In fighting the fire, Hose Co. No. 1 had their hose fill with anchor ice.  Major True had his beard quite badly scorched.

Irving Kimball was on had with his camera and took several views of the burning building.  Some of the ladies thoughtfully furnished a lunch for the fireman.

March 4, 1896

Worst  Blockade in Years

After nearly three days of steady rain the Androscoggin had risen to a high flood stage.  The meadows above the toll bridge (covered bridge crossing the river into Mayville) are one vast sea of water while the ice is piled over the banks and on the islands.

On the Grand Trunk, no trains have moved since Saturday (February 29).

 

The January 7, 1896, Oxford Democrat printed the following article describing new county buildings on Western Avenue in South Paris:

Oxford County’s new buildings at South Paris are now the official places of business of the county officers except regards the jail, which is not yet ready for occupancy. The buildings are of face brick with trimmings of granite and terra cotta. The roofs are all of slate and there is a basement under all buildings.

The buildings were constructed by Joseph Philbrook or Lisbon – an old contractor who has built some of the best buildings in the state. The steam heating plant and plumbing was handled by W. E. Austin of Norway.

On the first floor are the county offices and the grand jury room.  On the right as you enter is the probate office and a connecting room for a records vault. Behind the probate office vault is the registry of deeds with a connecting vault and in the rear corner is the county treasurer’s office. All rooms have 11 foot ceilings.

On the south side of the corridor in front is the county commissioners’ office and behind it with connecting double roll doors is the office of the clerk of courts with its connecting vault; behind this is the grand jury room with a small waiting room for witnesses.

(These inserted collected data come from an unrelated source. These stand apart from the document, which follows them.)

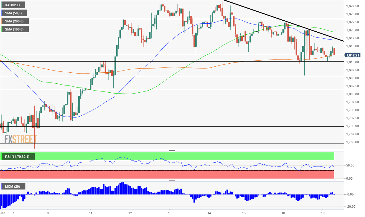 The XAU/USD pair trades at the 1,812.93 price level, holding above the downtrend line originating from the relative highs at 1,876.95. As long as the price remains above the line at the daily close, the bullish breakout should be considered valid and the upward move as the most probable development.
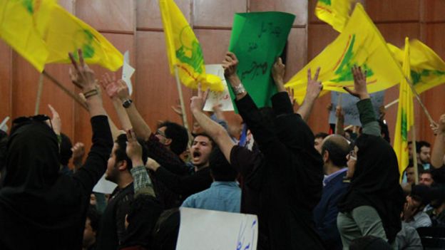 بر اساس گزارش ها "عدهای با شعار حزبالله حزبالله" مانع ادامه سخنرانی او شدند.
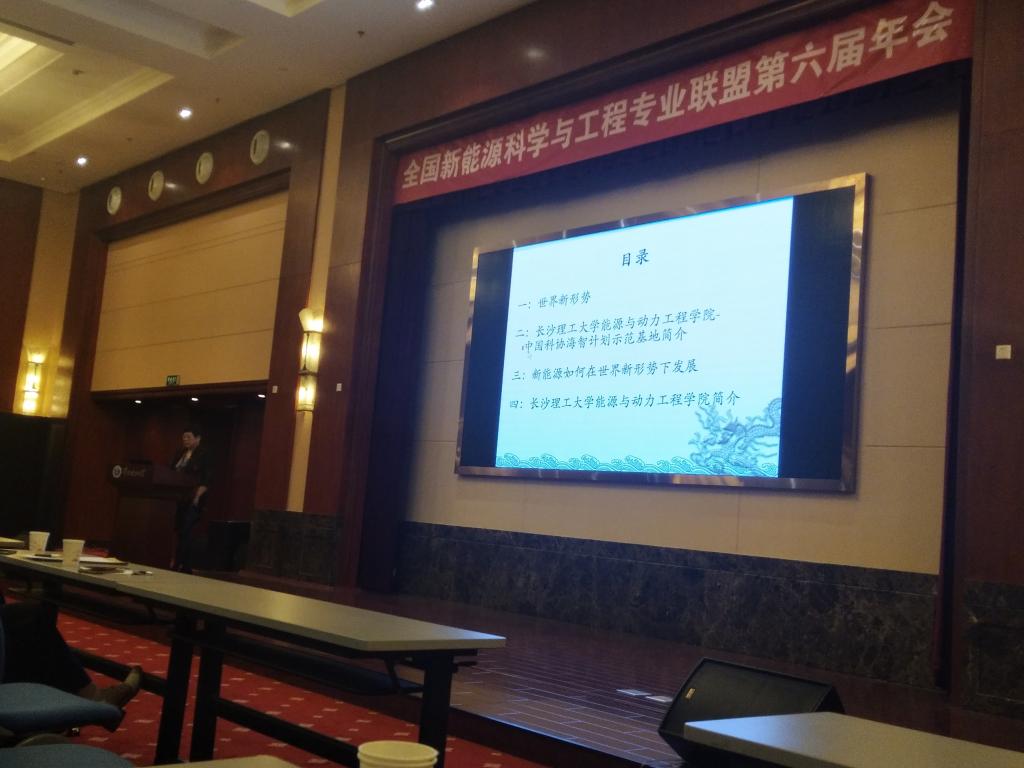 在新能源科学与工程专业联盟换届会议上陈荐院长当选为常务理事。向健平教授做了题为“关于新能源如何在世界新形势下发展的思考”报告。
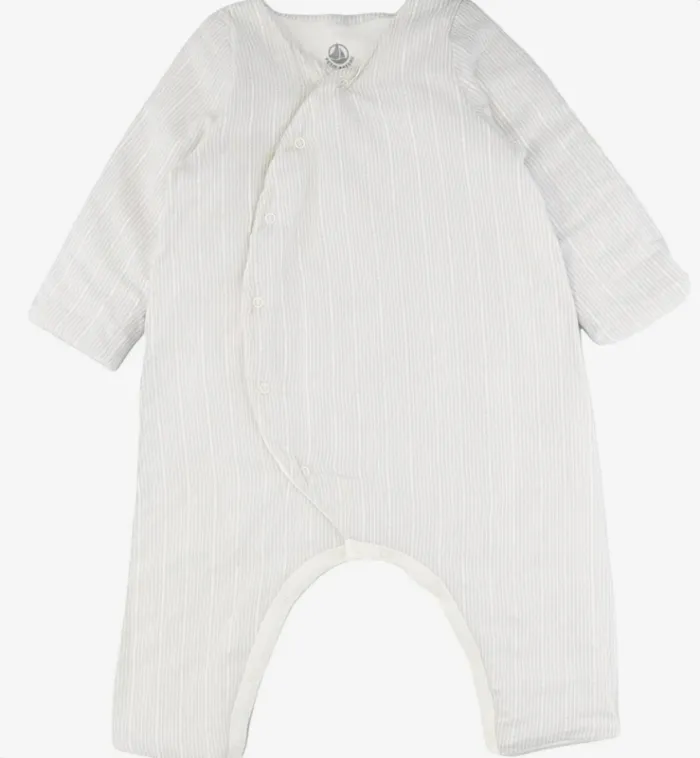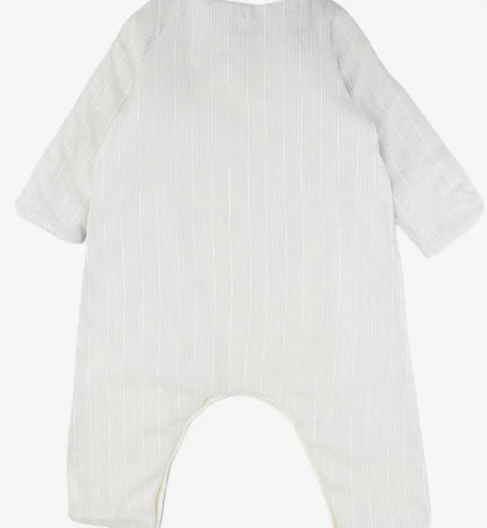 Neuf sans étiquette, jamais utilisé. Coloris : Gris, Blanc Taille : 6 mois Saison : Automne / Hiver Genre : Mixte DÉTAILS Manches longues, Ouverture pressionnée sur le devant et à l'entrejambe pour faciliter l'enfilage, À rayures verticales Confortable COMPOSITION 98% Coton, 2% Fibre métallisée ; Doublure : 100% Coton
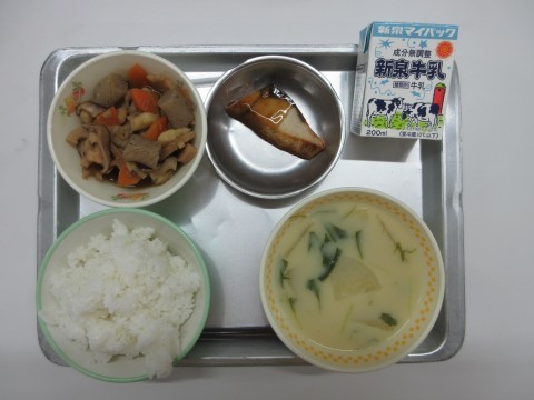 今日のメニューは、ごはん・牛乳・関西風雑煮・ぶりの照り焼き・煮しめです。
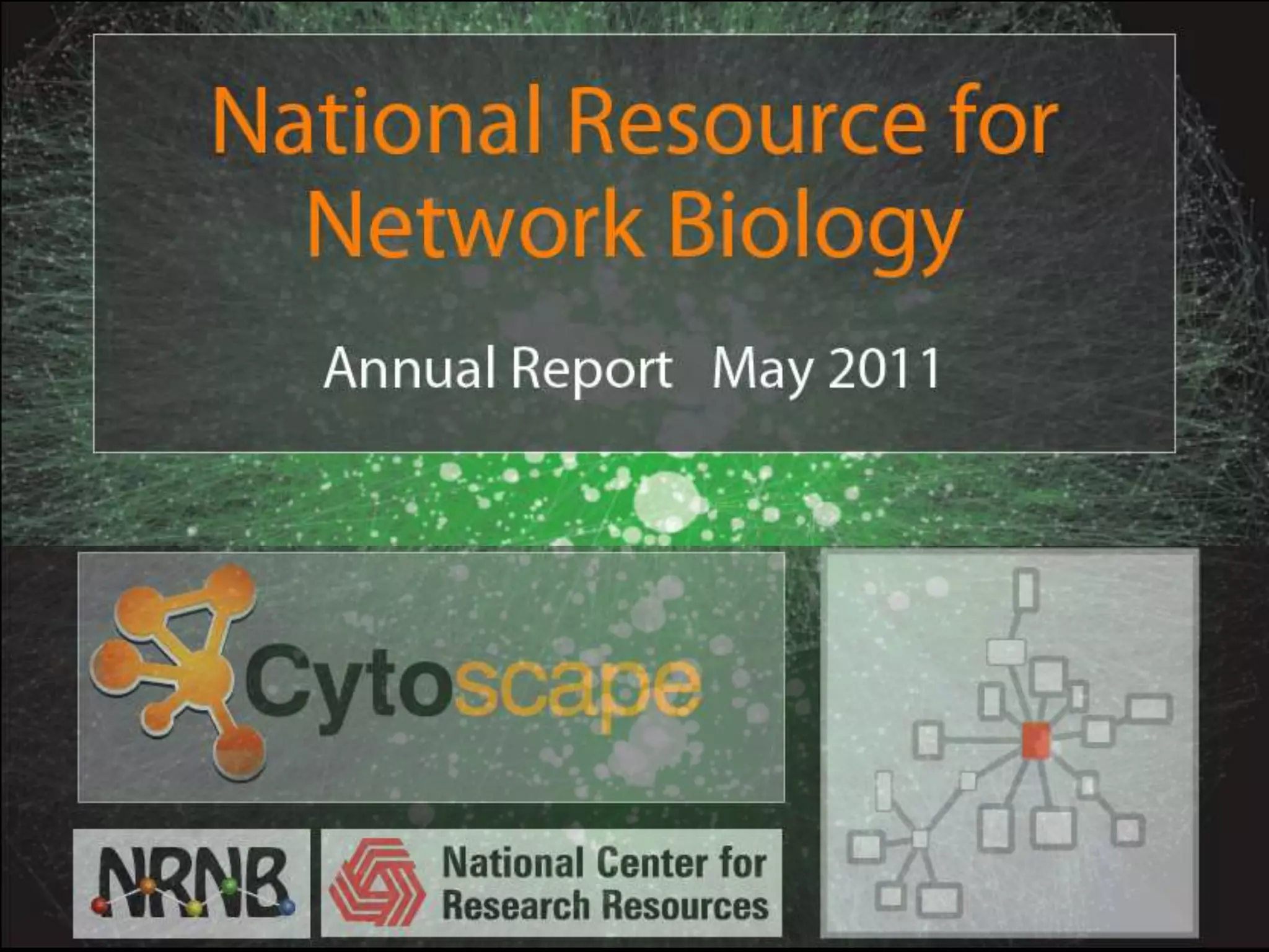 The National Resource for Network Biology aims to provide freely available, open-source software tools to enable researchers to assemble biological data into networks and pathways and use these networks to better understand biological systems and disease; it pursues this mission through technology research and development projects, driving biological projects, collaboration and service projects, training, and dissemination; key components include the Cytoscape software platform, supercomputing infrastructure, and partnerships with over 30 external research groups.
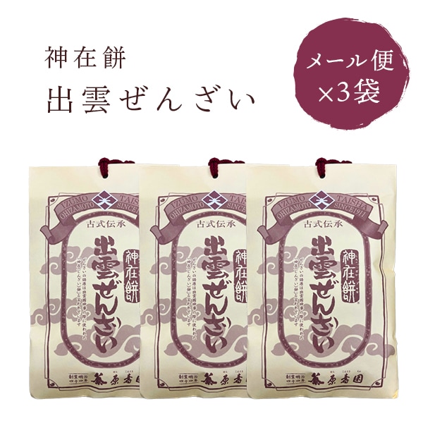 【メール便 送料無料】古式伝承出雲ぜんざい×3袋 メール便 原寿園 神在餅(じんざいもち) ぜんざい 餅入り
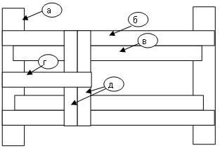 А - стена. Б - основная лага. В - дополнительная лага. Д поперечная опора. Г - обрезаная лага.
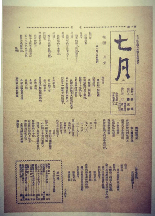 《七月》1937年9月11日創(chuàng)刊,周刊。胡風編輯。七月社發(fā)行。出版地上海。出至第3期停1刊。同年10月16日在武漢復刊刊,改為半月刊,期號另起,上海雜志公司發(fā)行。次年再度停刊。1939年7月又在重慶復刊,改為月刊,華中圖書公司發(fā)行。1941年9月終刊。前后共出35期。
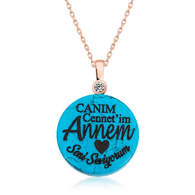 ​Gümüş Rose Turkuaz Taşlı Annem Yazılı Kadın Kolye
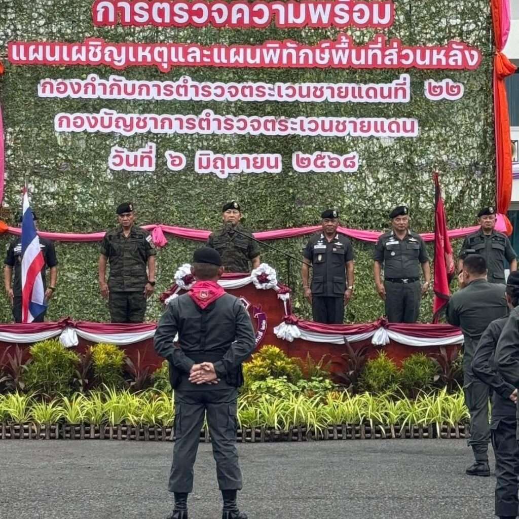 เมื่อวันที่ 6 มิถุนายน 2568 (เวลา 08.30 น.)พล.ต.อ.กิตติ์รัฐ พันธุ์เพ็ชร์ ผู้บัญชาการตำรวจแห่งชาติ เดินทางไปยังประชุมติดตามสถานการณ์และตรวจเยี่ยมความพร้อมกำลังพลในพื้นที่ ณ ห้องประชุมสุขวิมล กองกำกับการตำรวจตระเวนชายแดนที่ 22 กองบังคับการตำรวจตระเวนชายแดนภาค 2 กองบัญชาการตำรวจตระเวนชายแดน ต.ในเมือง อ.เมือง จ.อุบลราชธานี โดยมี พล.ต.ท.นิตินัย หลังยาหน่าย ผู้บัญชาการตำรวจตระเวนชายแดน , พล.ต.ท.วัฒนา ยี่จีน ผู้บัญชาการตำรวจภูธรภาค 3 , พล.ต.ต.รุ่งโรจน์ ฐากูรปุณยสิริ รองผู้บัญชาการตำรวจตระเวนชายแดน , พล.ต.ต.วสันต์ เตชะอัครเกษม รองผู้บัญชาการตำรวจนครบาล , พล.ต.ต.ประสงค์ เรืองเดช รองจเรตำรวจ รักษาราชการแทนรองผู้บัญชาการตำรวจภูธรภาค 3 พร้อมด้วยผู้บังคับการ และผู้กำกับการ ในพื้นที่ และผู้เกี่ยวข้อง ร่วมประชุม
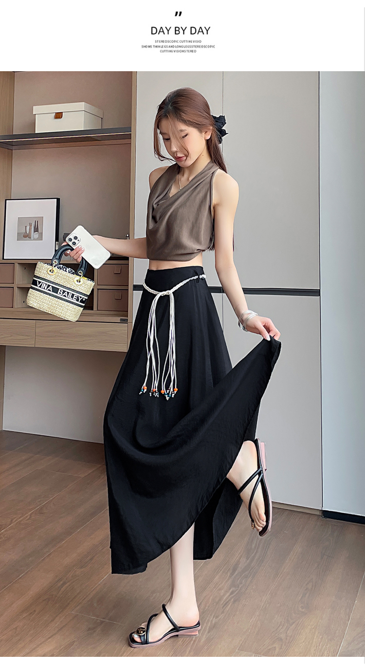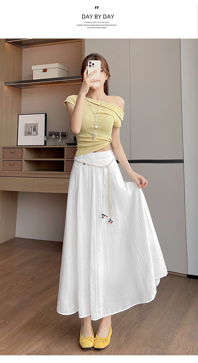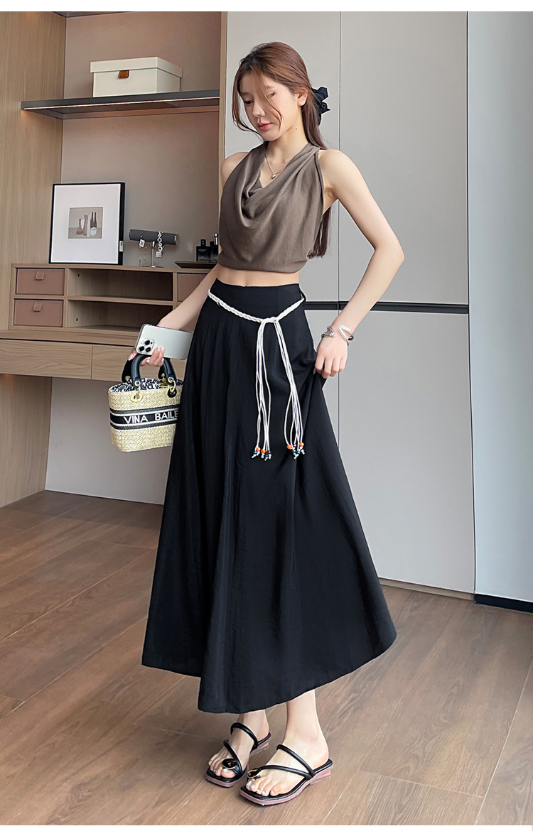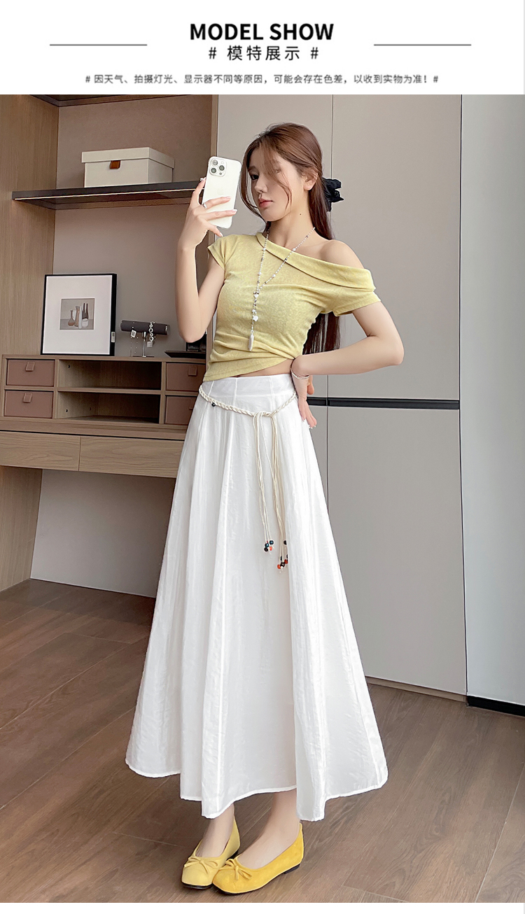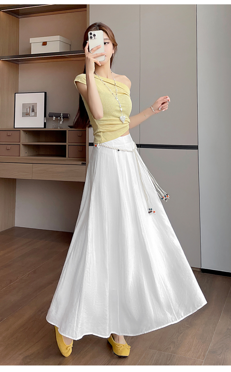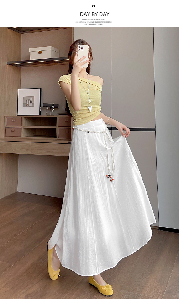 실사 질감 센스 한 마디 반신 스커트 2026 여름 하이웨이스트 슬림해 보이는 패션 다용도 레이스업 캐주얼 빅 플레어 스커트
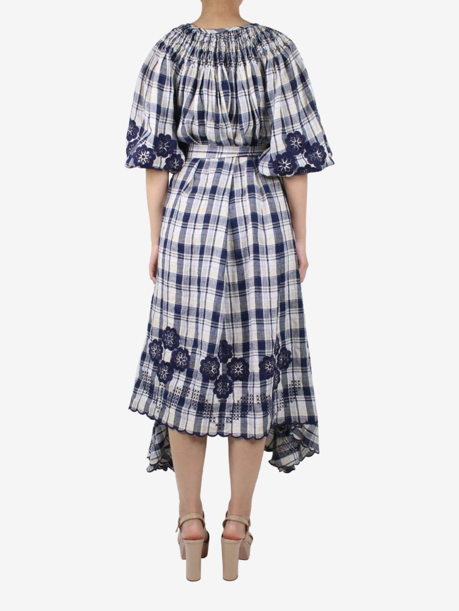 Innika Choo blue and white puff-sleeved check embroidered dress. Comes with belt.
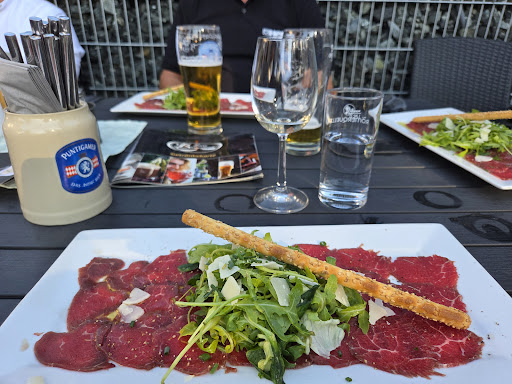 • Fischpfandl - schlammiger Fisch, „Risotto“ war mehr ein verkochter Reis als sonst was, Safransoße war gut, generell in Ordnung • Rumpsteak - sehr sehr hartes Fleisch, vermutlich eher Suppenfleisch, die Bohnen waren wässrig, die Pommes ok • Pariserschnitzel - trocken, ungesalzen, hat im Prinzip nach nix geschmeckt • Burgi Burger - geschmacklich hervorragend, Fleisch sehr lecker, selbstgemachtes Burgerbrot
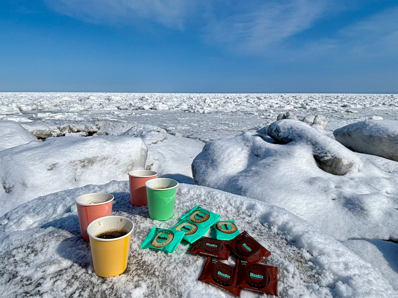 ライドの途中には、流氷を目の前に、ガイド自家焙煎のコーヒーと北見ハッカのお菓子を楽しむ「流氷カフェ」タイムも。
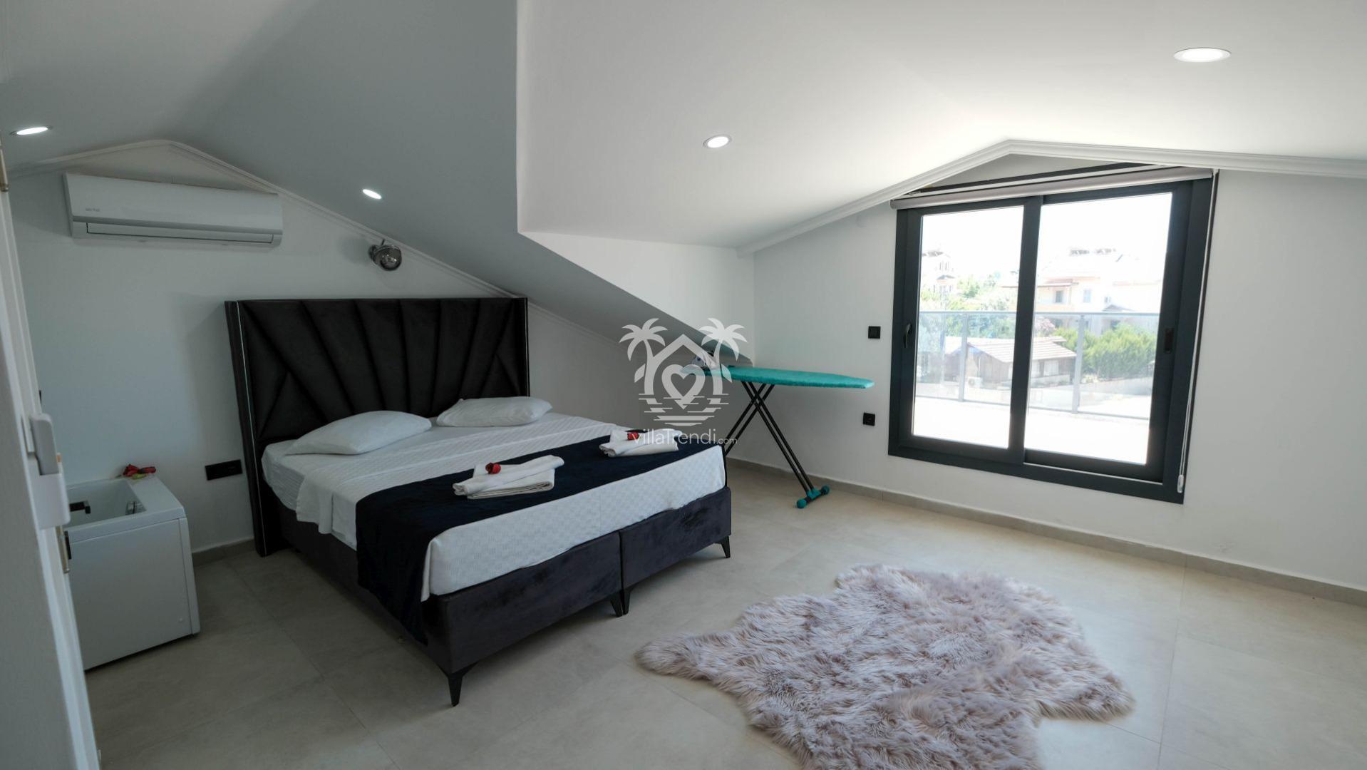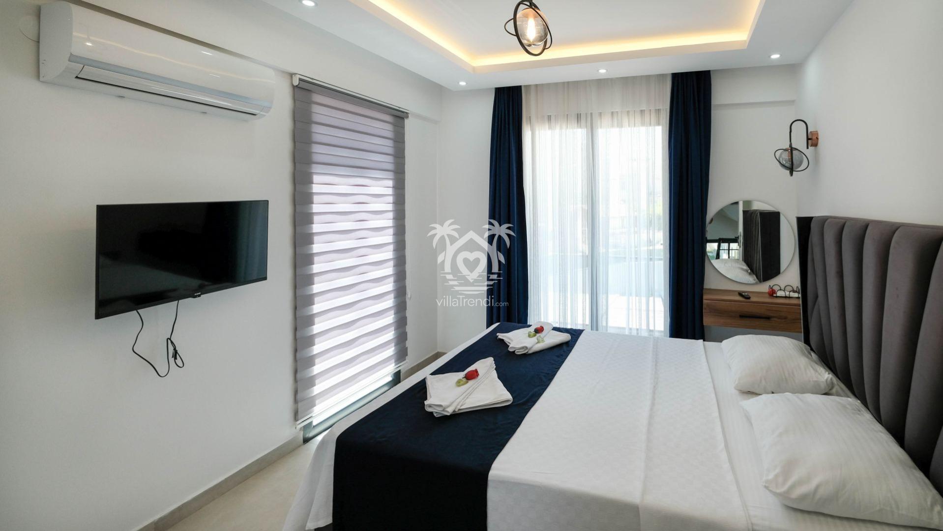 3. Yatak Odası: Çift kişilik yatak, TV, klima, balkon ve ebeveyn banyosu. 🛌🚿

A stairway at each end of the main hallway/corridor goes up to the second floor which is occupied by the Supreme Court room. This

room is 48 by 52 feet and is 19 feet high. In the center a large dome rises above the ceiling.  The judge’s desk is at the west end of the room and the public enters from the other end.  On the east end a jury room connected to the court room and a gallery for spectators.  On the west end is the judge’s chamber and a library.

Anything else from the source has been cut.